- [ACTION ITEM]
Starting with the line that holds "Ljubijankića u Cazinu." and stopping after the line that holds "An orange tabby", repeat the lines below word for word, without the pictures.

━━━━━ DATA SHOWN ━━━━━

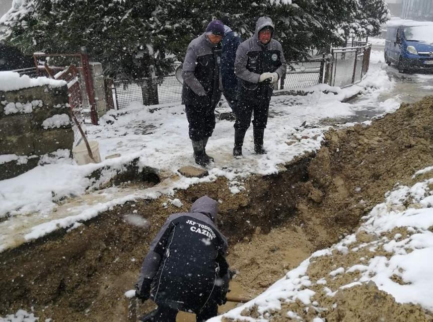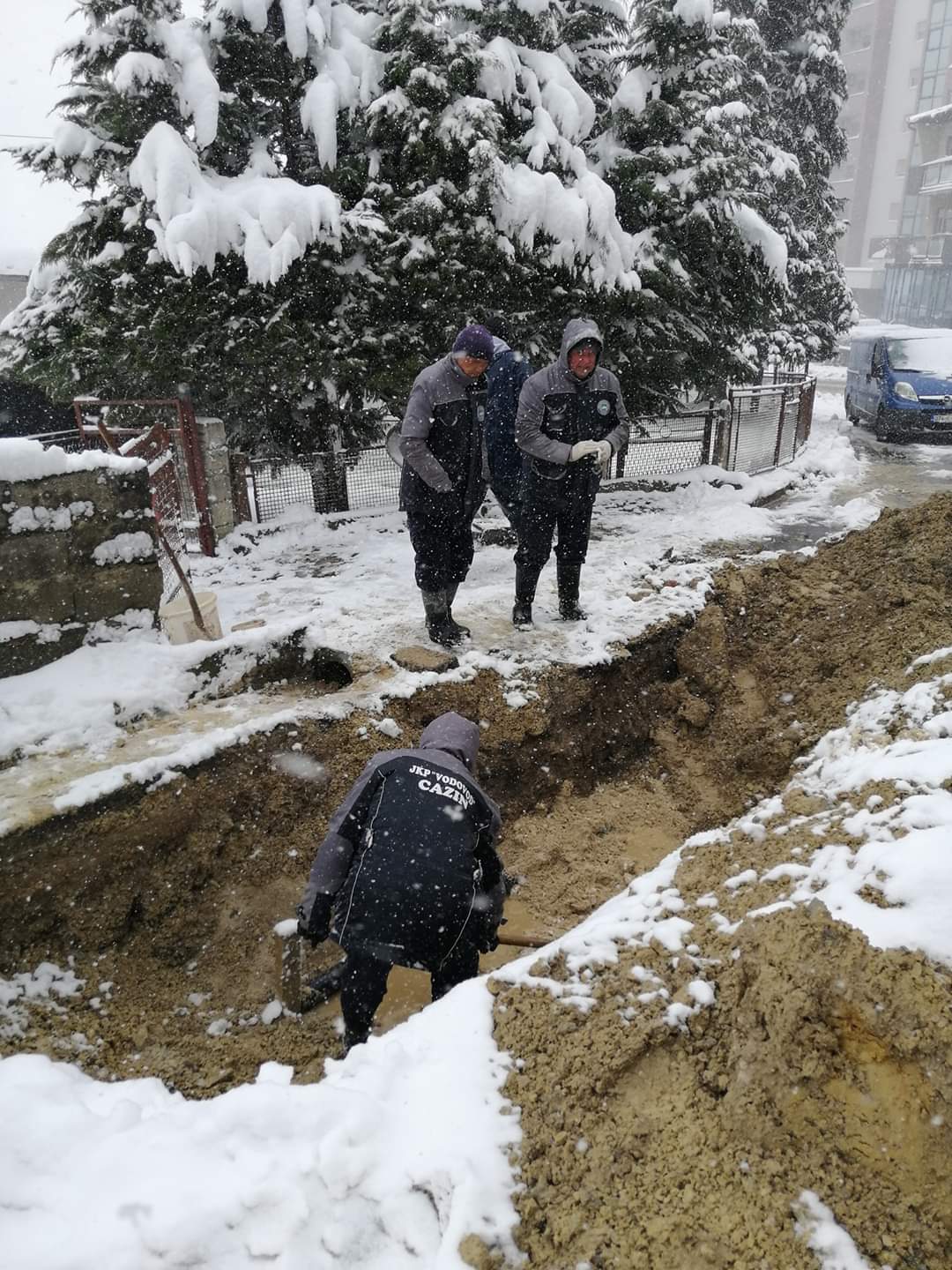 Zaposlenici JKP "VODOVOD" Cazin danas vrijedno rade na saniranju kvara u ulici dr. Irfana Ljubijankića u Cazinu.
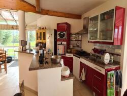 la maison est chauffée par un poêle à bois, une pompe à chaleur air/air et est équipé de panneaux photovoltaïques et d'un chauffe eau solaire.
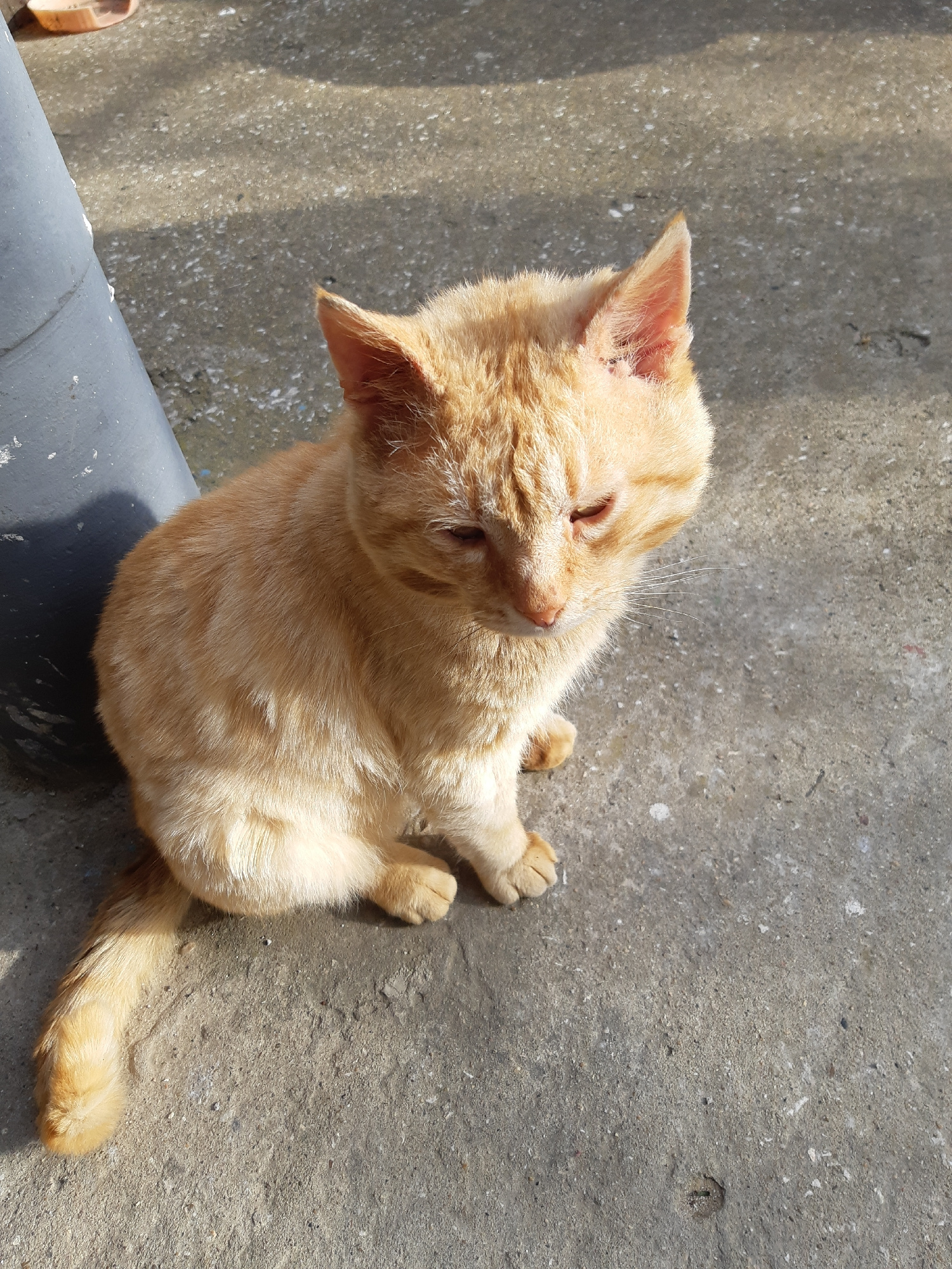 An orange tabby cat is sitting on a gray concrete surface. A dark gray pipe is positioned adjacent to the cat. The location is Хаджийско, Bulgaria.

━━━━━
━━━━━ DATA SHOWN ━━━━━

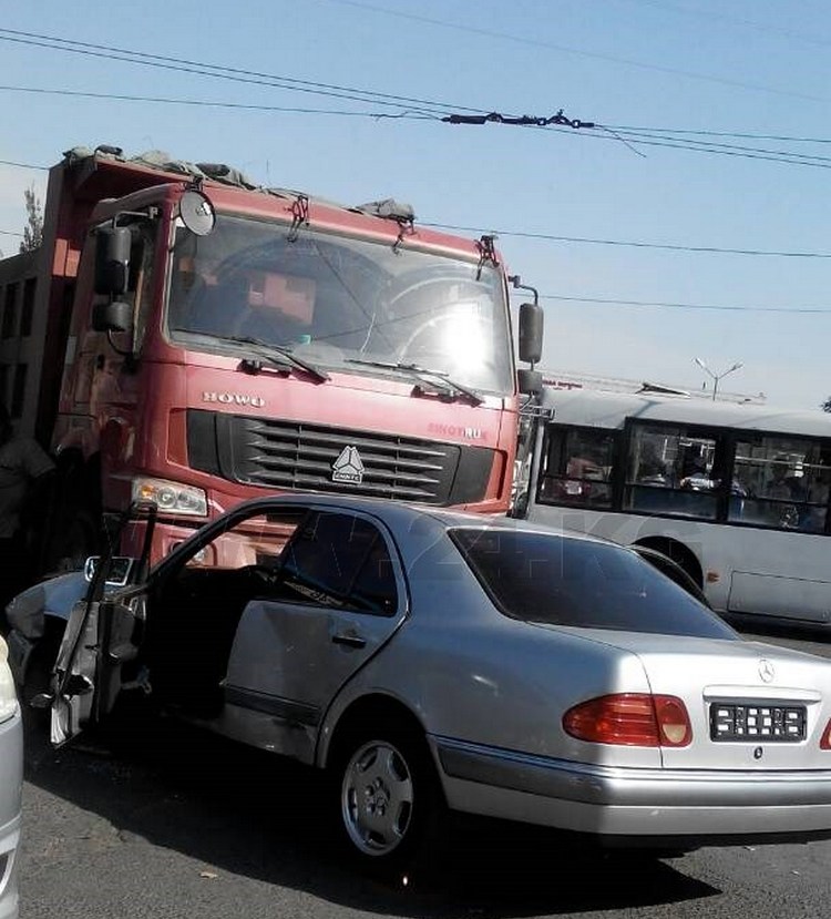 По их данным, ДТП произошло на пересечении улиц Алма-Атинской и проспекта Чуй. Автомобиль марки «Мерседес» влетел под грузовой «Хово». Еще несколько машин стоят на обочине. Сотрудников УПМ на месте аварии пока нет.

━━━━━

- [SOLUTION]
 Zaposlenici JKP "VODOVOD" Cazin danas vrijedno rade na saniranju kvara u ulici dr. Irfana Ljubijankića u Cazinu.
 la maison est chauffée par un poêle à bois, une pompe à chaleur air/air et est équipé de panneaux photovoltaïques et d'un chauffe eau solaire.
 An orange tabby cat is sitting on a gray concrete surface. A dark gray pipe is positioned adjacent to the cat. The location is Хаджийско, Bulgaria.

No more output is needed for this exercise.